Un État qui prouve au demeurant chaque jour son incapacité à assurer ses missions régaliennes premières ; qui, pour compenser son impuissance face aux vrais délinquants, se consacre à la chasse aux fumeurs ; qui cherche à limiter la liberté d’expression au nom du « combat contre la désinformation » ; qui entrave sans cesse davantage, au nom de l’environnement ou de la justice sociale le droit de propriété, pourtant « inviolable et sacré » d’après la Déclaration des droits de l’homme. Bref, qui régente de plus en plus la sphère privée, voire intime, que le libéralisme s’efforce depuis toujours d’arracher à son emprise. Force est de constater que les libertés individuelles sont en péril en France par l’action de l’État lui-même. Ou par son inaction en matière de sécurité publique, fondement même du contrat social dans la philosophie libérale. Rappelons à cet égard que si les libéraux combattent la dictature de la majorité sur les minorités, ils n’ont jamais plaidé, bien au contraire, pour la dictature de ces dernières, quelles qu’elles soient.

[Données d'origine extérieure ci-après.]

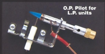
O.P. Pilot for L.P. units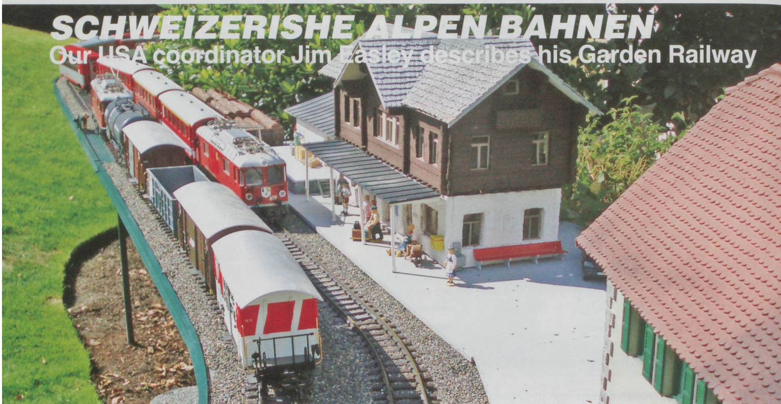
View of entrance to St. Niklaus Station. Goods train on track 2 waiting arrival of Glacier Express.

Our USA coordinator Jim Easley describes his Garden Railway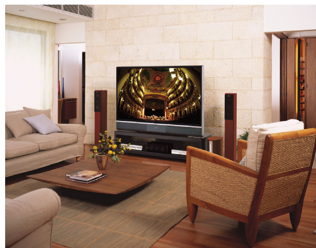
Installation Image of 70-inch model in a living room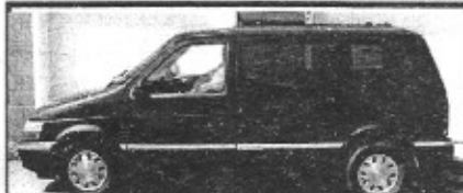
92 Dodge Caravan, Ready for Summer *$66 Down*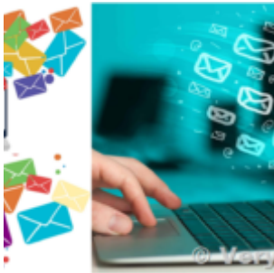
PHP Batch Email Sender - Email Marketing Software - Bulk Email Sender software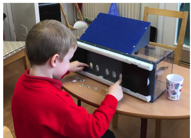
Fig. 2 Participant interacting with puzzlebox. Four-year-old boy solving the third stage (right side) of the Dean et al. (2012) puzzlebox.

Children were tested individually, in contrast to the group condition used by Dean et al. (2012). Each child participated in one 20 min trial (i.e., the maximum amount of time pilot trials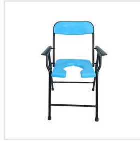
Comfort Premium Folding Commode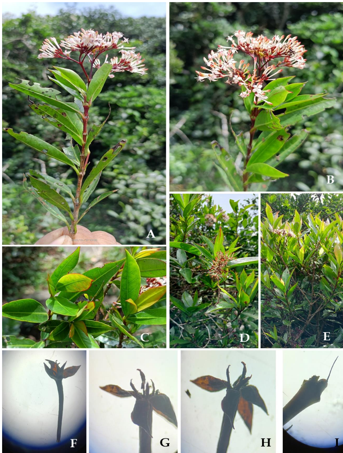
Figure 1 Ixora lavanya J.Mathew & P.M.Salim; A-E. Flowering twigs from type locality; F. Corolla; G-H. Close-up images of stamen and stigma; I. Stipule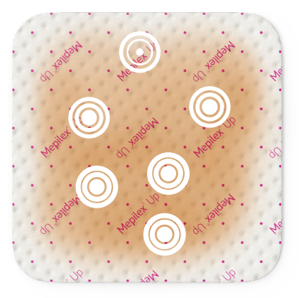
The innovative and unique spreading properties minimize the risk of leakage and may contribute to long wear time and fewer dressing changes"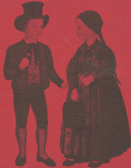
Lambach — Lambach — Lambach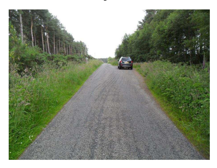
Passing Place 28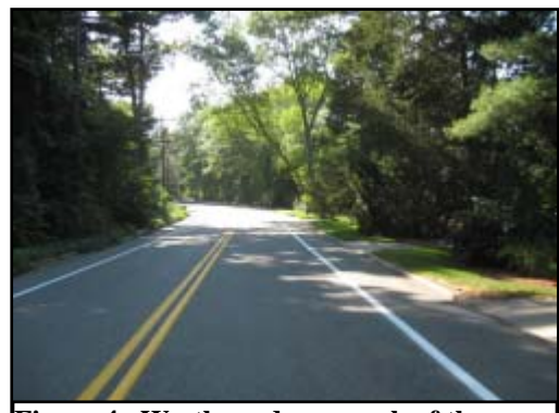
Figure 4. Westbound approach of the Lexus.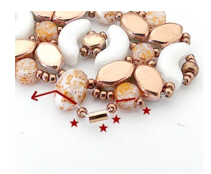
23) Pick up 1 R15, pass through 2nd hole of Kalos, pick up 1 R15, 1 Bugle, 1 R15, pass through Samos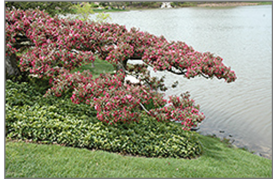
Candied Apple Flowering Crab in bloom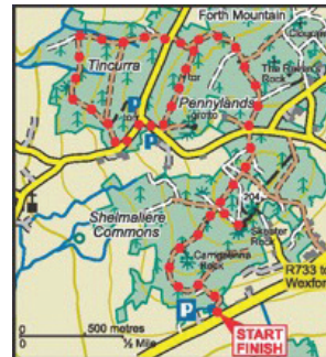
Forth Mountain Walking Trail

Autrement dit, la démocratie a besoin du référendum pour garantir l’exercice de la volonté populaire contre un pouvoir confisqué ; le libéralisme, lui, exige aujourd’hui, en totale continuité avec son inspiration originelle, le même recours pour contrer un pouvoir liberticide.
[1] R. Doan, Faire de la France une démocratie, Paris, 2025.